Keywords: HOG descriptors, SVM, infrared imaging, multiscale analysis, outdoor autonomous searching, UAV.
1. INTRODUCTION
Pedestrian detection has become one of the most active topics in computer vision, due to a wide range of promising
applications, such as visual surveillance [1], robotic [2], intelligent vehicles, etc. During last decade, the scientific
research on Unmanned Aerial Vehicles (UAVs) increased spectacularly and led to the design of multiple types of aerial
platforms, which can be used in a wide variety of scenarios [3-6]. Such as Outdoor Autonomous Searching UAV (OAS-
UAV). Numerous infrared (IR) imaging applications have been developed and deployed in fields that include the
military, medicine and industry [7, 8]. Usually, it can capture more detail information than that of the use of visible light
in complex scenes. For example, in general, detect humans in very low light condition may ineffective. But thermal
imaging can see the warm object clearly in the night [9, 10]. HOG descriptor has been presented for pedestrian detection
in CVPR 2005 and have been proven effective [11, 12].

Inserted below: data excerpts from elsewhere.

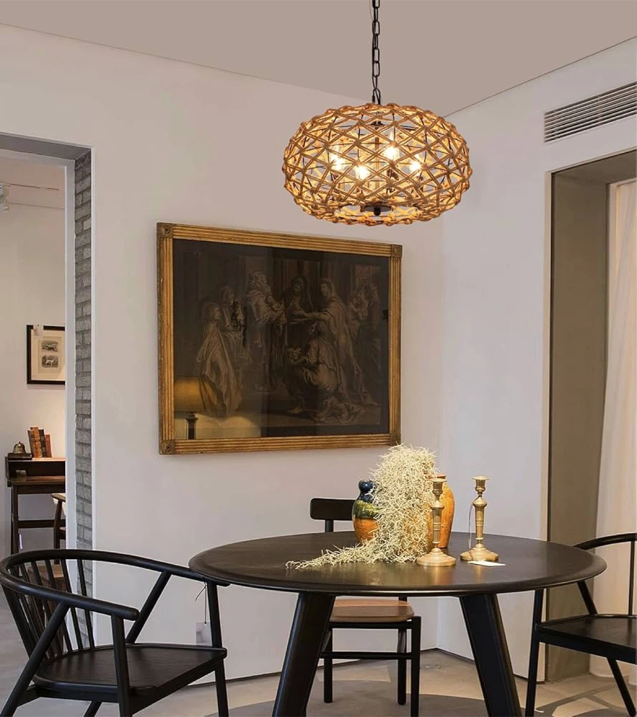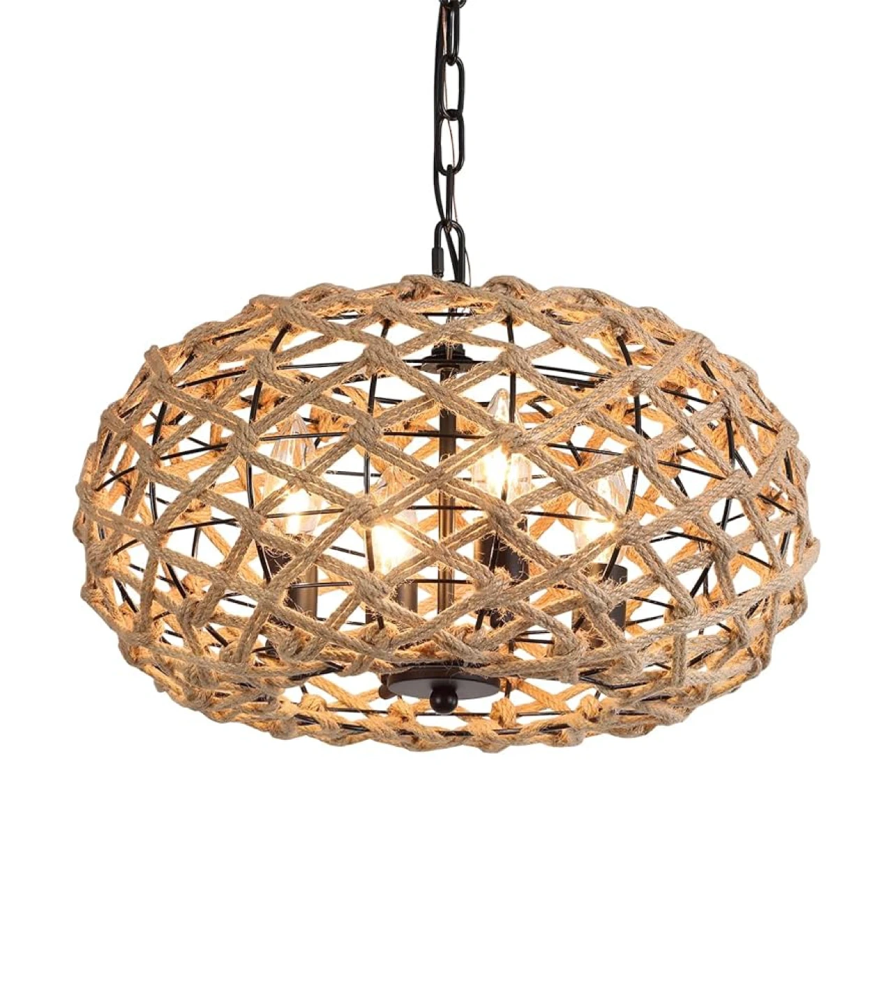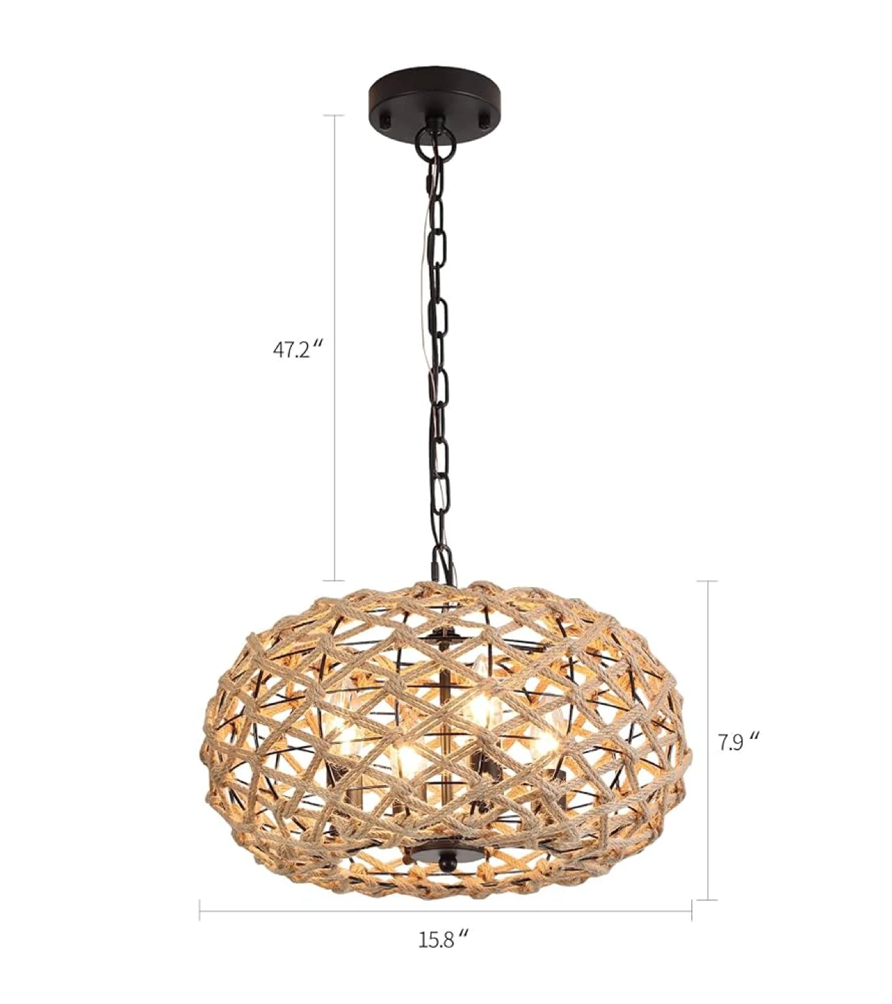 Add a touch of rustic charm to your home with this lovely AMZASA rattan pendant light! This fixture features a hand-woven rattan basket design, perfect for adding a coastal or farmhouse vibe to your dining room, kitchen, or living space. It accommodates 4 lights and has a unique woven texture. Dimensions are approximately 47.2" in height and 15.8" in diameter.
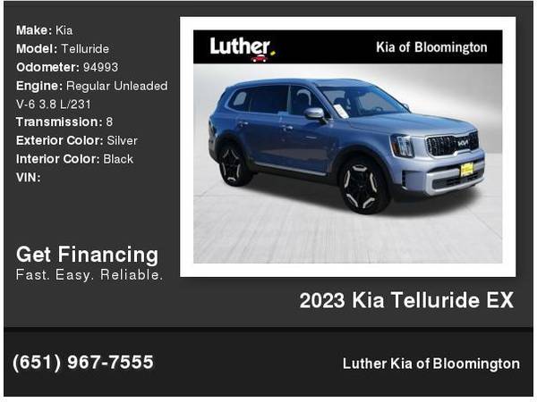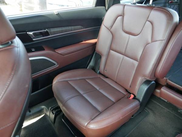 JUST REPRICED FROM $28,494, $6,600 below J.D. Power Retail!, EPA 24 MPG Hwy/18 MPG City! CARFAX 1-Owner, Clean. Heated Leather Seats, Third Row Seat, Navigation, Moonroof, Rear Air, All Wheel Drive, Power Liftgate, Aluminum Wheels CLICK ME!KEY FEATURES INCLUDELeather Seats, Navigation, Sunroof, All Wheel Drive, Power Liftgate, Rear Air, Heated Driver Seat, Cooled Driver Seat, Back-Up Camera, Satellite Radio, iPod/MP3 Input, Onboard Communications System, Aluminum Wheels, Remote Engine Start, Dual Zone A/C Rear Spoiler, MP3 Player, Rear Seat Audio Controls, Privacy Glass, Remote Trunk Release.OPTION PACKAGESEX CAPTAINS CHAIR PACKAGE 2nd Row Captain Chairs, reclining feature, CARPET FLOOR MATS. Kia EX with Everlasting Silver exterior and Black interior features a V6 Cylinder Engine with 291 HP at 6000 RPM*.EXCELLENT SAFETY FOR YOUR FAMILYLane Keeping Assist, Cross-Traffic Alert, Blind Spot Monitor, Child Safety Locks, Electronic Stability Control, Brake Assist, 4-Wheel ABS, 4-Wheel Disc Brakes, Tire Pressure Monitoring System Great Gas Mileage: 24 MPG Hwy.MORE ABOUT USAt Luther Kia of Bloomington we have the largest selection of new and Certified Pre-owned Kias and has been ranked #1 for Certified Pre Owned Kias in the Midwest for over 4 years. With this amazing selection of Certified Pre Owned vehicles you will receive the outstanding 10 year or 100,000 Mile Limited Powertrain Warranty along with the outstanding Luther Advantage. As part of the Luther Auto Family each vehicle comes with amazing benefits from $.10 off per gallon of gas & Holiday Gas Station tCheck whether a vehicle is subject to open recalls for safety issues at safercar.govHorsepower calculations based on trim engine configuration. Fuel economy calculations based on original manufacturer data for trim engine configuration. Please confirm the accuracy of the included equipment by calling us prior to purchase.
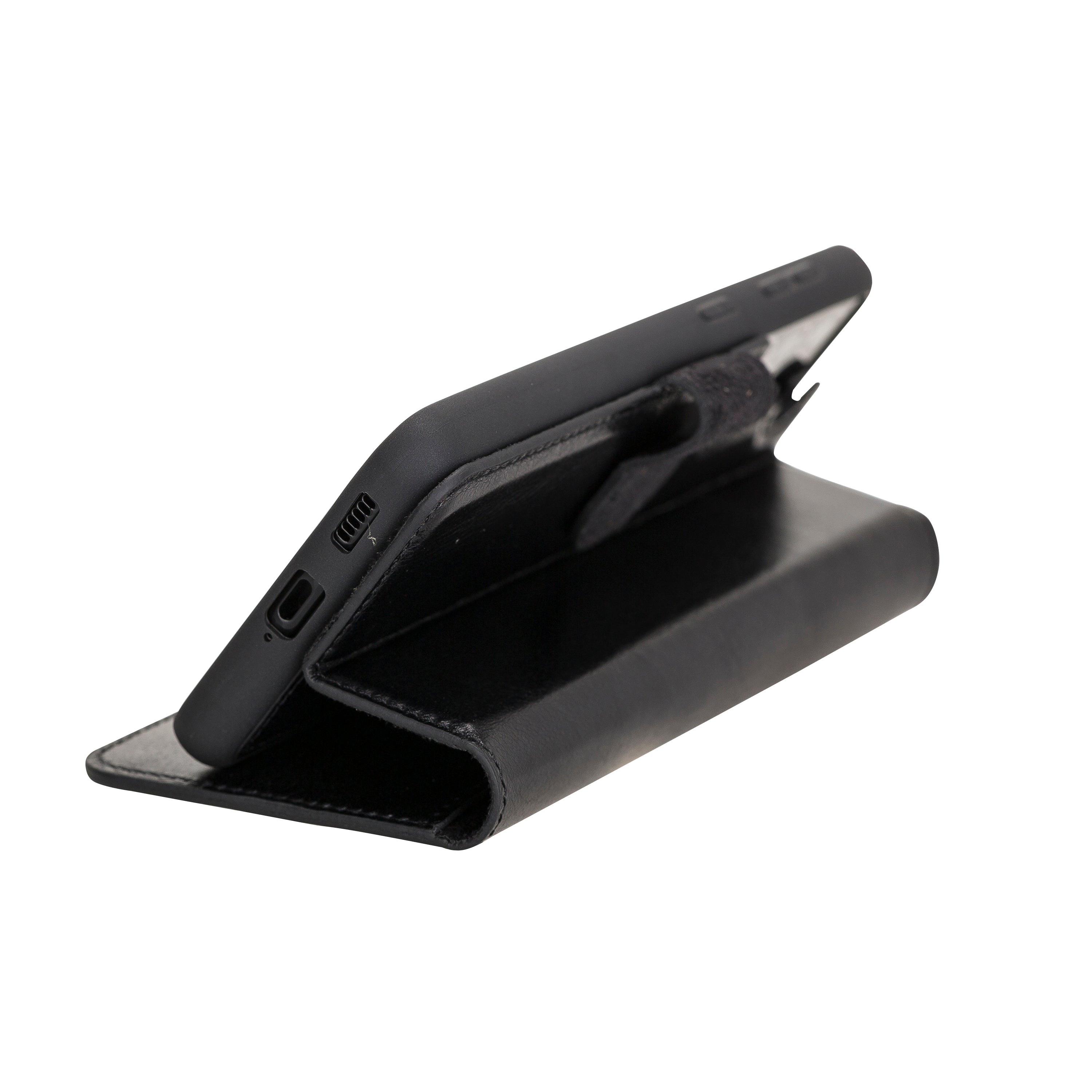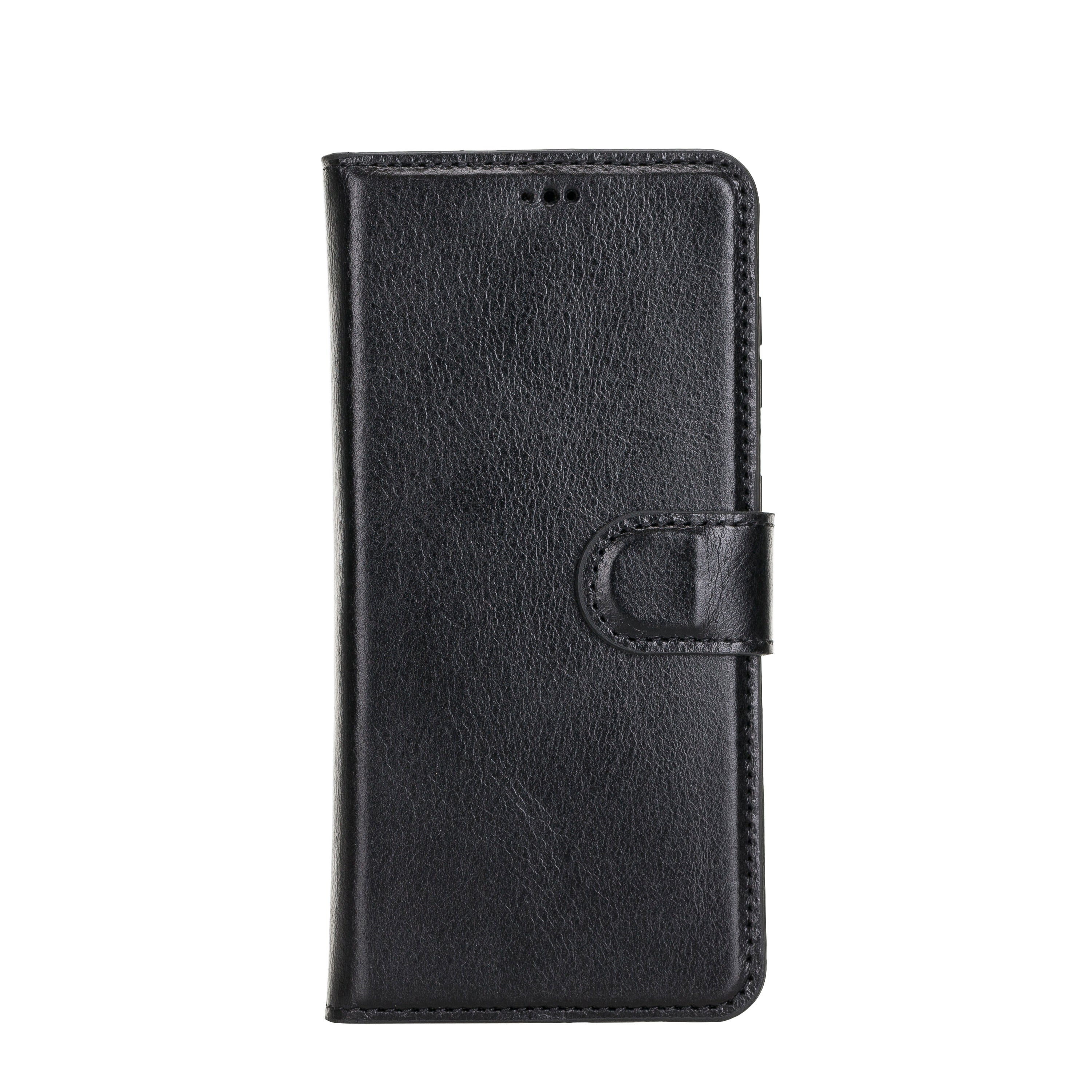 Samsung Galaxy S21 Plus uyumlu, Hakiki Deri, El Yapımı, Cüzdanlı Kılıf, Rustik Siyah

In this paper, an algorithm for a robust pedestrian detection method based on the combination of the infrared HOG
(IR-HOG) feature and SVM is proposed for highly complex outdoor scenarios on the basis of airborne IR image
sequences from UAV. Experiment show that, our method shows promising results under complex conditions including
strong noise corruption, partial occlusion etc.
The outline of the paper is listed as follows: Section 2 introduces our tracking method in detail, and Section 3
presents the experimental results. Finally, some conclusions of our work are drawn in Section 4.
2. THE PROPOSED ALGORITHM
A diagram of our proposed system is shown in Fig. 1. Apparently, our infrared HOG-based pedestrian detection for
Outdoor Autonomous Searching UAV (OAS-UAV) is mainly composed of four steps:
1). Image preprocessing, such as Median filtering and so on, 2). Threshold segmentation, 3). HOG Descriptor
Generation and 4). SVM Classification.